Schon hier ist klar: die Herausforderung, die Kindsvater und jungfräuliche Mutter des eingeborenen Sohnes Gottes, Jesus Christus, zu sein, ist für die Ehe als zweite Säule tragender Grund nicht weniger als die gegenseitige Liebe der Eheleute zueinander.

Nur durch dieses zweite gemeinsame Ziel, seien es körperlich eigene Kinder oder geistliche, wird die Ehe vor endloser Tändelei bewahrt.

  1. Mit Maria und Josef über Moos und Brombeeren laufen

Der Ehemann ist Schutz und Halt für seine Frau und seine Kinder. Während die Frau durch die Kinder mehr im Augenblick lebt und dadurch die ganze Zierde und Freude von Mann und Kindern ist, denken wir Männer mehr an die Zukunft, weniger an den Augenblick.

Wir Männer bauen wie Josef das Haus, unsere Frauen richten es ein und schmücken es und leben die Familie als ihr wahres Herz. Beides ergänzt sich natürlich vortrefflich und wunderbar.

Und in einer Josefsehe? Josef mag sich ebenfalls gedacht habe: diese süße hübsche Frau und mein zartes kleines Kindlein, die brauchen ein zünftiges Dach über dem Kopf. Und als Zimmermann hatte er natürlich die besten Erfahrungen genau damit: ein gutes geräumiges Haus zu bauen!

Pustekuchen, Gott hatte Anderes im Sinne. Wir wissen: die Geburt Jesu fand nicht im heimeligen Haus zwischen sicheren Wänden statt. Und Jesus schlief nicht selig in einem selbst gezimmerten Kinderbett. Maria ruhte sich nicht einem gepolsterten Bett am warmen Kamin aus. Und schon bald mussten sie vor Herodes flüchten.

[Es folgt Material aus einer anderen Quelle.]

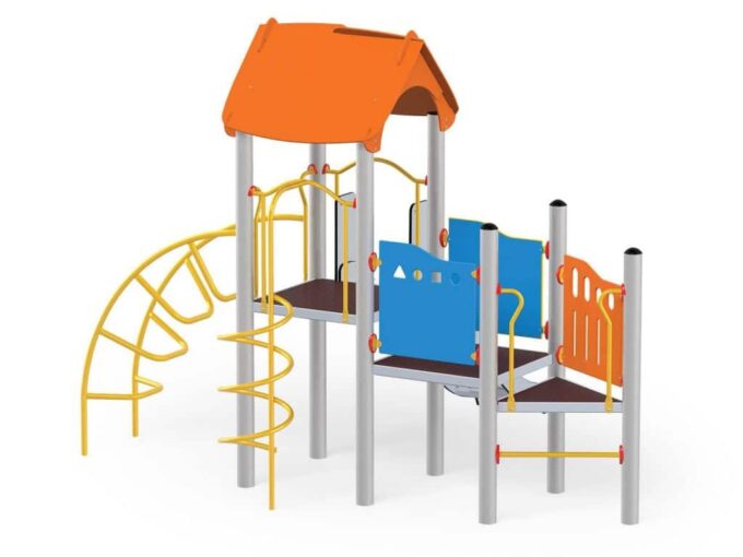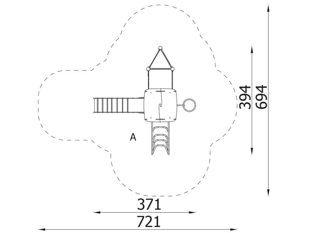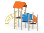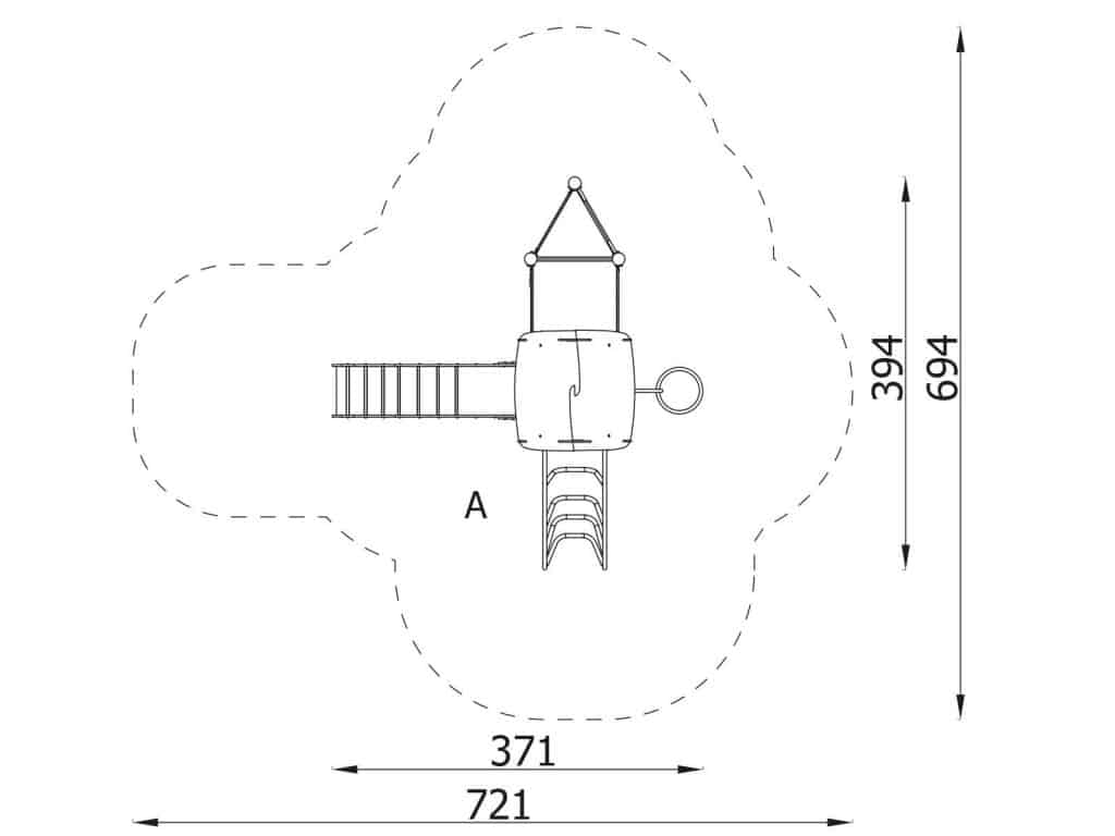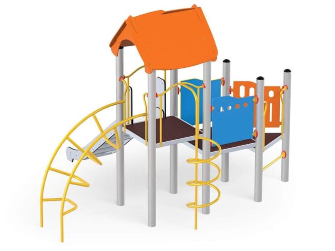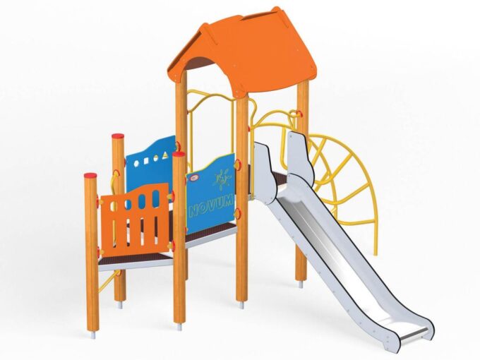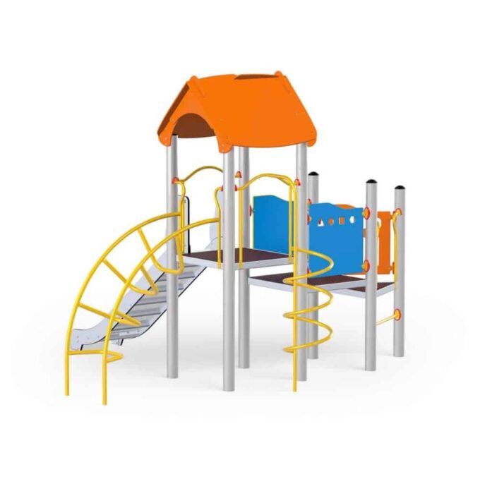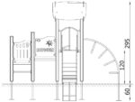 - Material Variante Metall: Die Tragpfosten bestehen aus runden Stahlrohren mit einem Durchmesser von 114 cm, die direkt im Boden befestigt werden. Rutschfeste Plattformen. Dächer, Sicherheitselemente und Paneele werden aus HDPE-Platten (High Durable Polyethylen) mit Musterzuschnitten hergestellt. Gleitfläche aus säurebeständigem Edelstahlblech. Seile aus Polypropylen mit Stahlkern, Stärke 16-18 mm, vandalismus- und UV-beständig. Alle Fittings und Anschlüsse sind witterungs- und UV-beständig. Stahlelemente sind durch Zinkschicht und Pulverlackierung gegen Korrosion geschützt.

In einer guten sakramentalen Ehe bereitet der Ehemann der Frau einen Weg aus Rosen und Moos. Die Josefsehe ist anders: hier zählt der Wille Gottes allein, der Wille des Herrschers über Himmel und der Erde

Wie zwei Blinde halten sich Maria und Josef gegenseitig die Hand und führen sich sozusagen gegenseitig: alles was Josef weiß, muss Maria wissen. Und umgekehrt gilt das nämlich: alles was Maria weiß, muss Josef wissen.

Jeder Schritt zählt und jede falsche Bewegung kann zum Zerreißen führen. Wenn sie sich loslassen, finden sie vielleicht niemals mehr zusammen.

Sie müssen sich blindlings vertrauen – so wie alle Christen Gott vertrauen, nur eben wie Engel noch vielmehr!

Wenn Gott Maria und Josef über Moos entlang eines lieblichen Baches führt, dann darf Joseph nicht übermütig werden und mehr wollen. Er muss es sich versagen, seine Geliebte über den Bach zu führen. Denn er weiß nicht, was kommt: vielleicht sind es Brombeersträucher auf der anderen Seite des Baches, die wie Stacheldraht darauf warten, die beiden Liebenden zu zerfleischen! Er ist ja blind, er sieht ja nichts.

Und Maria? Als zarte süße Frau will sie Josef eine typisch weibliche Freude machen. Sie riecht den Duft ihrer Lieblingsblumen. Sie muss es sich versagen, sie zu pflücken, denn sie müsste ihn zu den Blumen zerren und vielleicht wartet dort eine Natter?

Joseph und Maria können sich also nur immer das schenken, was ihr eigenes Unvermögen ist: die anständige Zurückhaltung und die Demut im Verzicht.

Joseph und Maria hatten letztlich nur Eines: die Liebe zueinander und die Liebe zu Gott, ihrem Kind.

Das ist zutiefst romantisch – und zugleich zutiefst herausfordernd.

[1] Zitiert nach: Die Dokumente des Zweiten Vatikanischen Konzils, zweisprachige Studienausgabe, hg. v. Peter Hüntermann, Freiburg-Basel-Wien ³2012, 665f.

[2] Jakobusevangelium (jakobus-weg.de)

[3] Gedenktag Unserer Lieben Frau in Jerusalem – Wikipedia

[4] Siehe Anna Katharina Emmerick, Das Leben der heiligen Jungfrau Maria, Stein am Rhein 11.Aufl. 2009, 152.